Milestone, Keamsellagh, Co. Galway
Co. Galway |
Transport Infrastructure
On the eastern verge of a quiet local road in Keamsellagh, a small limestone pillar stands just under a metre tall, its face worn to near-illegibility.
What can still be made out, if you look closely enough, is something like "Fro-" and "Galwa-", the ghost of an inscription that once told travellers they were eleven miles from Galway. The stone is easy to miss, and easier still to dismiss as a random field boundary remnant, but it is in fact a carefully dressed 18th-century milestone, trapezoidal in cross-section, with flat even faces and a narrow chamfer along the front margins. The Ordnance Survey knew it well enough to mark it simply as "M.S." on their 1933 six-inch map.
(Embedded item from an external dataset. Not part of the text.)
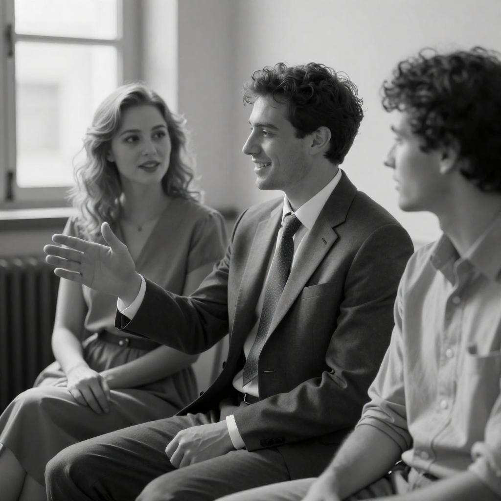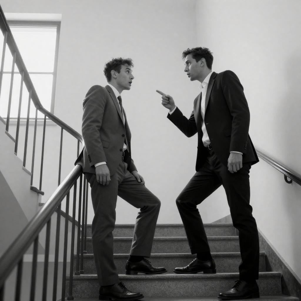 Black-and-white photograph of a man with dark hair in a ured suit, standing and facing a young boy with light, curly hair, wearing a striped shirt. They are indoors, with a blurred background of shelves and equipment. The man gestures with his right hand, while the boy looks up at him.

The milestone belongs to a group of nine that once punctuated the Old Galway Road between Gort and Galway, a route that pre-dates the modern road network and whose markers have been the subject of specialist research by the Ardrahan Heritage Group. Milestones of this kind were typically erected by Grand Jury order in the 18th century, when improving road infrastructure and standardising distances became a practical concern for commerce and administration across Ireland. This particular example is a well-made piece of work: the limestone has been properly dressed, the faces are flat and even, and the trapezoidal form, wider at the back than the front, would have given it stability in the ground. Time and weathering have done considerable damage to the crown and upper front face, a process called spalling, where surface layers of stone flake away under frost, moisture, and exposure, gradually erasing exactly the information the stone was made to preserve.
The nine surviving milestones along this corridor represent a relatively rare intact sequence, and this one, sitting quietly in its grassy verge, retains enough of its original form to be recognisable for what it is. The partially legible inscription, reconstructed as "11 from Galway", places it with reasonable confidence at what would have been the eleventh mile marker on the old road.